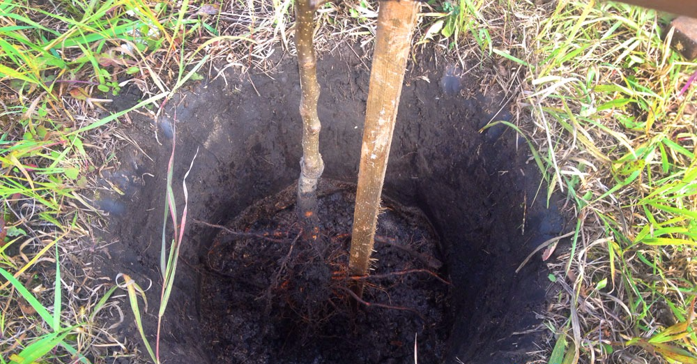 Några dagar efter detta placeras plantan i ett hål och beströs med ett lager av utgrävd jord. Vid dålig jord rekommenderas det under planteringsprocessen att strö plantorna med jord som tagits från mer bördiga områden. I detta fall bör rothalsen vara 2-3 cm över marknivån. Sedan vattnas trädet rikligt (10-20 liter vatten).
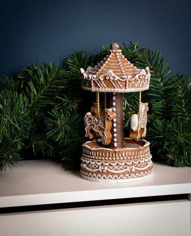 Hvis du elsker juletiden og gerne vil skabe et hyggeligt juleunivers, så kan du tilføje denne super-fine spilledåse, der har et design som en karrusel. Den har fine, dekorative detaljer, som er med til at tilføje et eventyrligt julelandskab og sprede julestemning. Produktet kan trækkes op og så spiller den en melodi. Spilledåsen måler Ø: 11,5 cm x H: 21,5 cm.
...
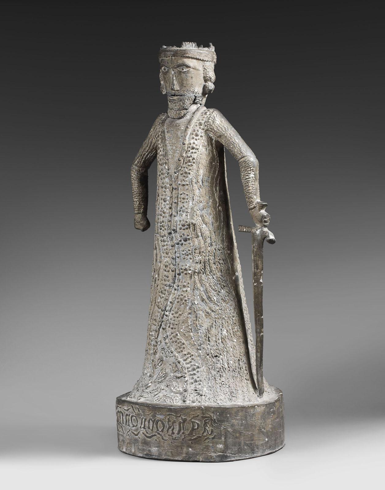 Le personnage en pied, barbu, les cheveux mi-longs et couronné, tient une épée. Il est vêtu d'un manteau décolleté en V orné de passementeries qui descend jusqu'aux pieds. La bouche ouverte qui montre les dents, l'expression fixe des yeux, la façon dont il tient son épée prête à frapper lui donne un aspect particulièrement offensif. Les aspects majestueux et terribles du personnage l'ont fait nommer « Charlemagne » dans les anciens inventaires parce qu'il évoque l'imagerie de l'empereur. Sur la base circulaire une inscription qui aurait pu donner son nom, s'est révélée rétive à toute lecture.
--
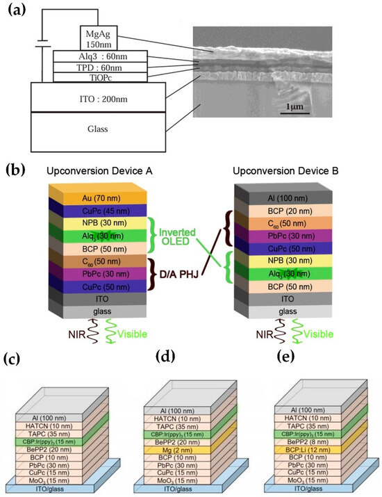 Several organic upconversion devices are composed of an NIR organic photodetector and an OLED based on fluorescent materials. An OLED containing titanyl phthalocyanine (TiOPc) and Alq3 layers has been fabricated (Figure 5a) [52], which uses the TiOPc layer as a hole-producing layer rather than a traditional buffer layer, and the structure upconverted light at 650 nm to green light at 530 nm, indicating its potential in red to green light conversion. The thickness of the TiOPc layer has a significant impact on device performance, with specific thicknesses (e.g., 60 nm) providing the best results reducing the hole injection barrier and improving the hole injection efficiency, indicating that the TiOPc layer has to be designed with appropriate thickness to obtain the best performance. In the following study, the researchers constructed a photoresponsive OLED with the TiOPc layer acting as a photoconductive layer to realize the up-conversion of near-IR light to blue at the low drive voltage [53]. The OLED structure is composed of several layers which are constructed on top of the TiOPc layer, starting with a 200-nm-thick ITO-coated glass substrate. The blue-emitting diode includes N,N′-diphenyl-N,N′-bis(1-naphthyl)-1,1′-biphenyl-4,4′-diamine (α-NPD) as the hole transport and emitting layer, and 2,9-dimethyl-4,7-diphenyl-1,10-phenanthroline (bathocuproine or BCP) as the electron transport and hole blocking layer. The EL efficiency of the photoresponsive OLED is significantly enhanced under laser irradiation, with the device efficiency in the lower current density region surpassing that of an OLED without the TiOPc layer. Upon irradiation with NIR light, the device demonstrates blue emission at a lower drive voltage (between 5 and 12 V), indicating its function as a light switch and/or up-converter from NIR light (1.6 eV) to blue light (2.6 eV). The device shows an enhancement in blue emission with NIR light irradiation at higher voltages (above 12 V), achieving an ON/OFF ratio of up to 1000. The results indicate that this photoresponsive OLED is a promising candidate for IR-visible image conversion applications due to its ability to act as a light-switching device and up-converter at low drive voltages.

### Instructions to follow
Would you set down only the lines above from the line with "Några dagar efter" to the line with "Hvis du elsker", both included, exactly as they stand and without the pictures?

### Exercise solution
 Några dagar efter detta placeras plantan i ett hål och beströs med ett lager av utgrävd jord. Vid dålig jord rekommenderas det under planteringsprocessen att strö plantorna med jord som tagits från mer bördiga områden. I detta fall bör rothalsen vara 2-3 cm över marknivån. Sedan vattnas trädet rikligt (10-20 liter vatten).
 Hvis du elsker juletiden og gerne vil skabe et hyggeligt juleunivers, så kan du tilføje denne super-fine spilledåse, der har et design som en karrusel. Den har fine, dekorative detaljer, som er med til at tilføje et eventyrligt julelandskab og sprede julestemning. Produktet kan trækkes op og så spiller den en melodi. Spilledåsen måler Ø: 11,5 cm x H: 21,5 cm.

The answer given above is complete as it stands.